¾ x de castanha de caju natural (do tipo que não foi torrada, nem salgada), de molho por 6 horas

1 ½ x de água

½ cc de amido de milho (maizena)

1 cs de azeite

1/3 cc de noz moscada, de prerefência ralada na hora

sal e pimenta do reino a gosto

 

pra polvilhar:

10 castanhas do Pará

2cs de farinha de rosca

1cs de azeite

¼ cc de sal

 

Aqueça o forno em temperatura média/alta. Descasque a cebola, corte ao meio (no sentido horizontal) e faça fatias finas. Descasque e pique o alho. Aqueça 1cs de azeite em uma panela pequena e refogue a cebola durante alguns minutos. Quando estiver bem dourada, junte o alho e refogue mais dois minutos. Desligue o fogo e reserve. No liquidificador, junte as castanhas escorridas (jogue fora a água na qual elas ficaram de molho), 1 1/2 x de água, o amido de milho, a noz moscada e uma pitada generosa de sal. Bata durante um minuto, ou até que as castanhas se desfaçam completamente (esfregue um pouco do líquido entre os dedos, se não sentir mais nenhum grãozinho está pronto). A mistura ficará bem líquida, mas ela vai se transformar em um creme espesso no forno. Reserve esse líquido (deixe dentro do liquidificador). Descasque e corte as batatas em fatias finíssimas, quase transparentes. Eu uso a faca, mas se preferir pode usar um aparelho manual pra fatiar (alguns ralos tem uma parte específica pra fatiar). Como já disse, o ideal é usar uma travessa pequena, de 26cmx15cm. As instruções que vou dar agora são pra uma travessa com essas dimenções. Espalhe um pouco de creme no fundo da travessa e por cima disponha 1/3 da batata, arrumando cada fatia ligeiramente sobre a outra (coloque uma primeira fatia, ponha a segunda em cima da metade da fatia anterior e assim por diante). Tempere generosamente com sal e pimenta do reino e espalhe metade da mistura de cebola e alho refogados. Regue tudo com 1/3 do creme. Repita o processo mais duas vezes. No final você terá três camadas de batata, duas de cebola e alho e tudo terá sido temperado com sal e pimenta e regado com creme. Cubra tudo com papel alumínio e asse até a batata ficar bem macia. Pra testar, espete o gratin com um garfo: ele tem que atraverssar as batatas sem nenhuma resistência. Quando a batata estiver cozida, retire o papel alumínio e deixe gratinar descoberto por mais 5 minutos.
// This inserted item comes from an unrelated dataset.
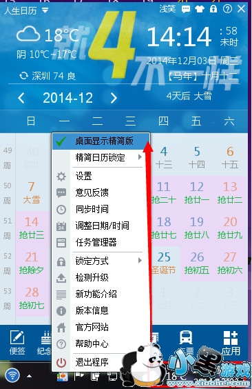 显示在桌面上的精简版日历可以调整月份、位置、自由拖动、查看未来天气。人生日历将普通版的功能择优放在了精简版的透明日历上。如果您只需要选择查看日历,那么可以点击透明日历左上角的小锁,将透明日历锁在桌面上,这样您的鼠标就只能前后调整月份,而不能进行其他操作。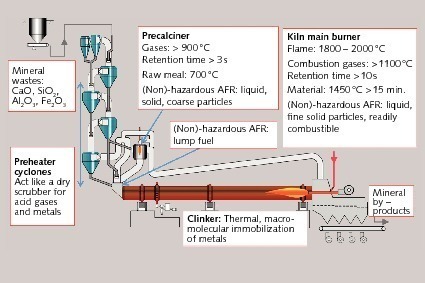 Hazardous waste has to be injected into the high-temperature combustion zone of the kiln system, i.e. the main burner, the pre-calciner burner, the secondary firing at the preheater, or the mid-kiln (for long dry and wet kilns) to ensure a long conversion time at minimum 850°C.

Enquanto o gratin está no forno, prepare a mistura pra polvilhar. Em uma frigideira pequena, toste (a seco) as castanhas do Pará, até que elas fiquem ligeiramente douradas de todos os lados. Transfira pra uma táboa de cortar legumes e deixe esfriar. Na mesma frigideira, aqueça 1cs de azeite e doure a farinha de rosca, mexendo sempre com uma colher de pau pra não queimar. Alguns minutinhos são suficientes pra deixar a farinha de rosca crocante. Desligue o fogo e deixe esfriar na frigideira. Com uma faca bem amolada, pique as castanhas do Pará o mais fino possível. Uso uma faca grande e pesada e em menos de um minuto trasformo as castanhas em farofa. Imagino que um pilão faria  esse trabalho em menos tempo. Junte a farinha de rosca com as castanhas picadas, acrescente o sal e misture bem. Quando o gratin estiver pronto, polvilhe com essa mistura antes de servir. Sirva acompanhado de uma salada verde. Serve duas pessoas (com fome) como prato único, ou quatro pessoas como acompanhamento.